This study is preregistered (https://osf.io/6pnqg). The preregistration states that the precuneus is a hypothesized area of interest, so this is not a post-hoc hypothesis. Our hypothesis was informed by multiple prior studies implicating the precuneus in the semantic representation of animates (e.g., people, animals) (Fairhall & Caramazza, 2013a, 2013b; Fairhall et al., 2014; Peer et al., 2015; Wang et al., 2016; Silson et al., 2019; Rabini, Ubaldi, & Fairhall, 2021; Deen & Freiwald, 2022; Aglinskas & Fairhall, 2023; Hauptman, Elli, et al., 2025). We also conducted a pilot experiment with separate participants prior to pre-registering the study. We now clarify our rationale for focusing on the precuneus in the Introduction:
“Illness affects living things (e.g., people and animals) rather than inanimate objects (e.g., rocks, machines, houses). Thinking about living things (animates) as opposed to non-living things (inanimate objects/places) recruits partially distinct neural systems (e.g., Warrington & Shallice, 1984; Hillis & Caramazza, 1991; Caramazza & Shelton, 1998; Farah & Rabinowitz, 2003). The precuneus (PC) is part of the ‘animacy’ semantic network and responds preferentially to living things (i.e., people and animals), whether presented as images or words (Devlin et al., 2002; Fairhall & Caramazza, 2013a, 2013b; Fairhall et al., 2014; Peer et al., 2015; Wang et al., 2016; Silson et al., 2019; Rabini, Ubaldi, & Fairhall, 2021; Deen & Freiwald, 2022; Aglinskas & Fairhall, 2023; Hauptman, Elli, et al., 2025). By contrast, parts of the visual system (e.g., fusiform face area) that respond preferentially to animates do so primarily for images (Kanwisher et al., 1997; Grill-Spector et al., 2004; Noppeney et al., 2006; Mahon et al., 2009; Konkle & Caramazza, 2013; Connolly et al., 2016; see Bi et al., 2016 for a review). We hypothesized that the PC represents causal knowledge relevant to animates and tested the prediction that it would be activated during implicit causal inferences about illness, which rely on such knowledge (preregistration: https://osf.io/6pnqg).”
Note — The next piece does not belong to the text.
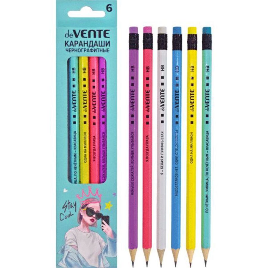 Карандаш чернографитный "deVENTE. Lady Perfection" 06 шт (HB) диаметр грифеля 2 мм, шестигранный корпус с ластиком, цвета корпуса ассорти пастель, в картонной коробке

(3) The choice of an orthogonal 'magic detection' task has three problematic consequences in this study:
(a) It differs in nature from the 'mentalizing' task that consists of evaluating a character's beliefs explicitly from the corresponding story, which complicates the study of the relation between both tasks. While the authors do not compare both tasks directly, it is unclear to what extent this intrinsic difference between implicit versus explicit judgments of people's body versus mental states could influence the results.
(b) The extent to which the failure to find shared neural machinery between both types of inferences (illness and mechanical) can be attributed to the implicit character of the task is not clear.
(c) The introduction of a category of non-interest that contains only 36 trials compared to 38 trials for all four categories of interest creates a design imbalance.
We disagree with the reviewer’s argument that our use of an implicit “magic detection” task is problematic. Indeed, we think it is one of the advances of the current study over prior work.
a) Prior work has shown that implicit mentalizing tasks (e.g., naturalistic movie watching) engages the theory of mind network, suggesting that the implicit/explicit nature of the task does not drive the activation of this network (Jacoby et al., 2016; Richardson et al., 2018). With these data in mind, it is unlikely that the implicit/explicit nature of the causal inference and theory of mind tasks in the present experiment can explain observed differences between them.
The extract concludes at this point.